Home > Security Bulletins > S2-053

Summary

A possible Remote Code Execution attack when using an unintentional expression in Freemarker tag instead of string literals

Who should read this

All Struts 2 developers and users

Impact of vulnerability

A RCE attack is possible when developer is using wrong construction in Freemarker tags

Maximum security rating

Moderate

Recommendation

Upgrade to Struts 2.5.12 or Struts 2.3.34

Affected Software

Struts 2.0.1 - Struts 2.3.33, Struts 2.5 - Struts 2.5.10

Reporter

Lupin <lupin1314 at gmail dot com> - jd.com security team

David Greene <david at trumpetx dot com>

Roland McIntosh <struts at rgm dot nu>

CVE Identifier

CVE-2017-12611

Problem

When using expression literals or forcing expression in Freemarker tags (see example below) and using request values can lead to RCE attack.
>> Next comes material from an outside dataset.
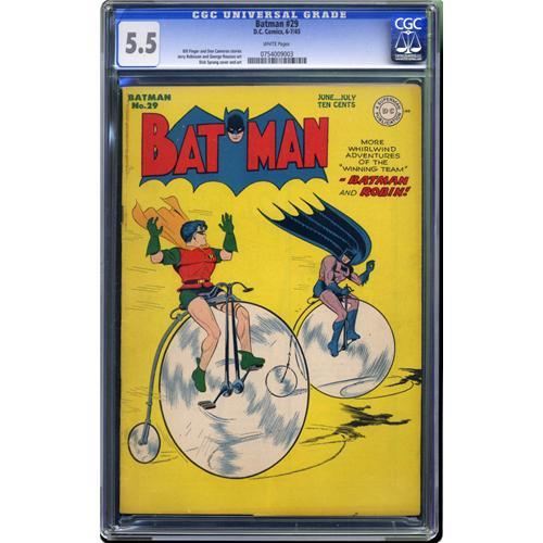 <B>Batman #29 (DC, 1945) CGC FN- 5.5 White pages.</B></I> Dick Sprang rendered this issue's cover as well as the Batman stories inside. The issue also features an Alfred solo story. Overstreet 2006 FN 6.0 value = $462. CGC census 1/06: 1 in 5.5, 20 higher. <I>From the Collection of Harold Curtis.</B></I>

<@s.hidden name="redirectUri" value=redirectUri />
<@s.hidden name="redirectUri" value="${redirectUri}" />
<@s.hidden name="${redirectUri}"/>

In both cases a writable property is used in the value attribute and in both cases this is threatened as an expression by Freemarker. Please be aware that using Struts expression evaluation style is safe:

<@s.hidden name="redirectUri" value="%{redirectUri}" />
<@s.hidden name="%{redirectUri}"/>

Solution

Do not use such constructions in your code or use read-only properties to initialise the value attribute (property with getter only). You can upgrade to Apache Struts version 2.5.12 or 2.3.34 which contain more restricted Freemarker configuration but removing vulnerable constructions is preferable.

Backward compatibility

No backward incompatibility issues are expected.

Workaround

Inspect your code and remove vulnerable constructions.